The target of modern day whaling, however, is the more relatively abundant Minke whale (how much more abundant is unclear as nobody seems to have a decent handle on how many there are but they estimate maybe 800,000ish) except here’s a few points
a) though globally dispersed there is little information on their migration patterns,
b) they don’t seem to really know where they go in winter,
c) there are now 3 known subspecies of Northern Minke whale (not yet assessed)
d) in the 1990s they classified a new species of Minke (the Antarctic or Southern Minke).
e) now the Antarctic Minke – don’t know so much about that either. According to IUCN, their population ‘appears’ to be in the hundreds of thousands. It also ‘appears’ to have declined by 60% since the 1970s, and they’re still working out the reason why (bad data or are they actually declining? Or a combination?  In the meantime let’s call them Data Deficient and assume there’s enough to carry on some low level harvesting tralala). One thing they do know is this decline is Minke Whale specific. Also, they don’t know where they go in winter either (clearly over-winter hiding is some kind of whale conspiracy). Oh, and there seems to be some genetic distinction between the ones on the Indian side, and the ones on the Pacific side...(isn’t it great how the whalers are killing so many so we can figure out WTF these enigmatic bastards are up to? Oh, no wait – they’re not doing that).

But why is the Minke Whale population so much more than the other whales? Considering how relatively 'common' they are they must have been doing something right these last few centuries, right? Hmm, not so much. A big part of the reason is that historically they have been largely ignored by the whaling industry (who favoured that larger almost-all-gone-now species) until recently. So the assertion that eating whale meat is a cultural practice clearly overlooks the type of whale that has been hunted (not Minke). Well maybe a horse is a horse of course of course (even when they say it’s beef) and one whale is very much like another when it comes to ‘tradition’. And maybe tradition is flexible enough that one location is very much like another when it comes to hunting (it bears mentioning that the first Japanese whaling ships didn’t enter Antarctic waters until the 1930s).

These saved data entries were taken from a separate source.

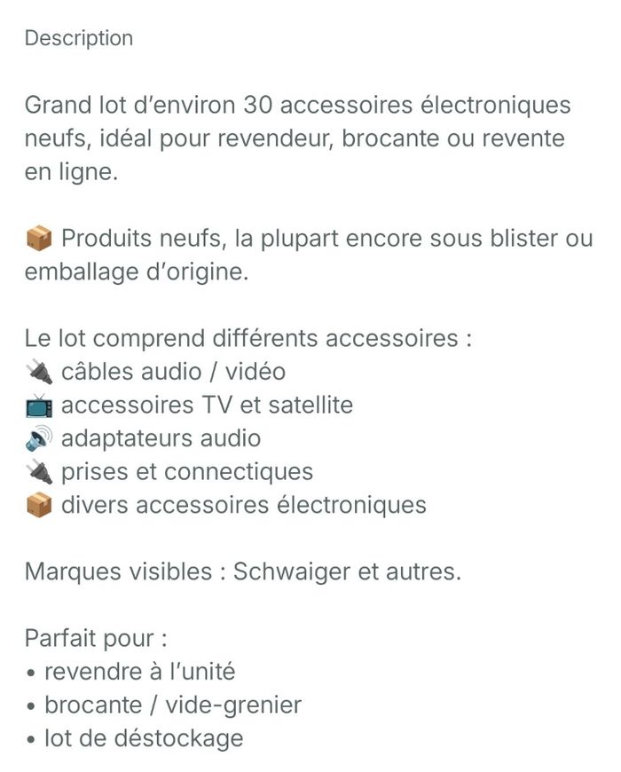 Lot revendeur 30 pièces accessoires électroniques Neuf Câble, adaptateur, prise - photo numéro 1
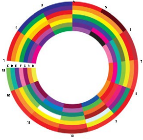 Next to synchronization, color is another big topic when combining the auditory with the visual, as “Color is the first visual experience the brain registers; color is perceived slightly ahead of forms and shapes” (Malmö University, 2014). There is a lot of conducted research on the connection between the tones of the musical scale and the colors of the rainbow[20]. “Ancient philosophers, such as Aristotle and Pythagoras, were among the first to mention [this] clear connection” (Novotna & Ašenbrenerová, 2021)[21]. See the following image as found in How the Lion Learned to Moonwalk (and other stories on how to design for classical music experiences by the Malmö University, which shows how people throughout history have had their conclusions on this topic (Malmö University, 2014).
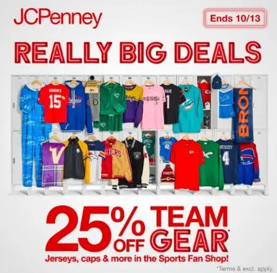 Disclaimer: 25% off select men’s, women’s, and children’s team sports products. Limited time special, while supplies last. Some exclusions apply. See store associate or jcp.com for details.
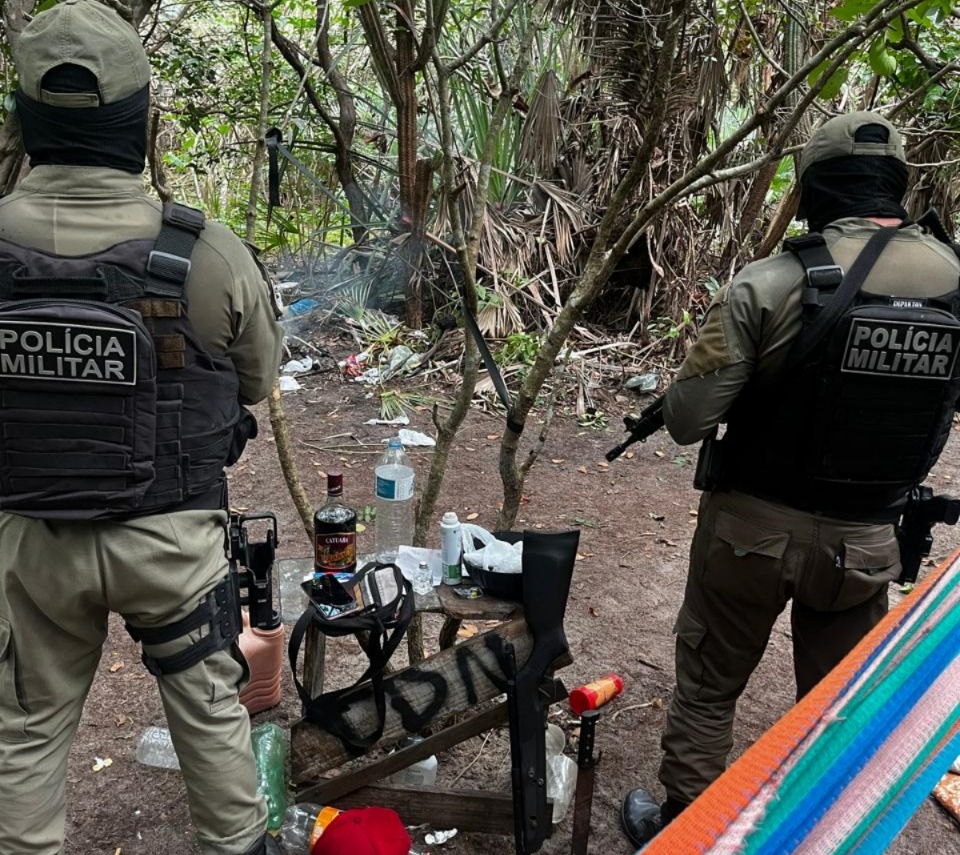 No local abandonado, os militares encontraram redes, uma bolsa contendo R$ 55,10 em dinheiro, um aparelho celular e uma arma de fogo de fabricação artesanal. Todo o material foi recolhido e apresentado conforme protocolo da corporação.
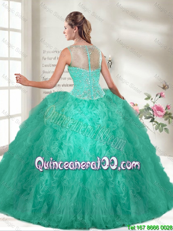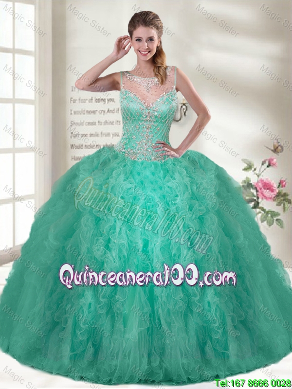 Neckline : ScoopShown Color : TurquoiseSilhouette : Ball GownsSleeve Length : sleevelessHemline : floor lengthBack Detail : ZipperFabric : OrganzaEmbellishment : Beading,RufflesOccasion : Military Ball,Sweet 16,QuinceaneraSeason : Spring,Summer,Fall,Winter

Another couple of additional points are to do with oceanic health. Not only is the overall food chain starting to form disturbingly weak spots with increasing oceanic pollution in all its weird and wonderful forms, but whales - along with many other marine species - are subject to growing pressures from ocean traffic, noise pollution and unknown effects of climate change. Without a full ecological picture of what is going on, is it really so wise to assume any level of hunting is sustainable?

In any case, regardless of tradition, whales are not a nation-specific wild species. They are a global species, and as such need to be managed according to a global consensus. In the case of counter-arguments presented for kangaroo and dogs – well, differing cultural norms do apply but both of these examples deal with a nation-specific or domesticated animals (i.e. I doubt Asian nations are on a mass poodle hunting exercise in the backwaters of Essex, somehow). The environmental movement is much further advanced than it was in the mid 80s and issues-based real-time media sharing is honing in more and more on controversial activities. So the case of cultural respect needs to be firmly lobbed back into the Japanese court, who are flying in the face of international sentiment in areas where they have no traditional basis to be. Tradition is not an immutable concept, after all, if it was we’d all still be tugging forelocks and trading goats for women. It moves with the times, with changing attitudes and with changing circumstances. Traditionally, human culture is flexible like that.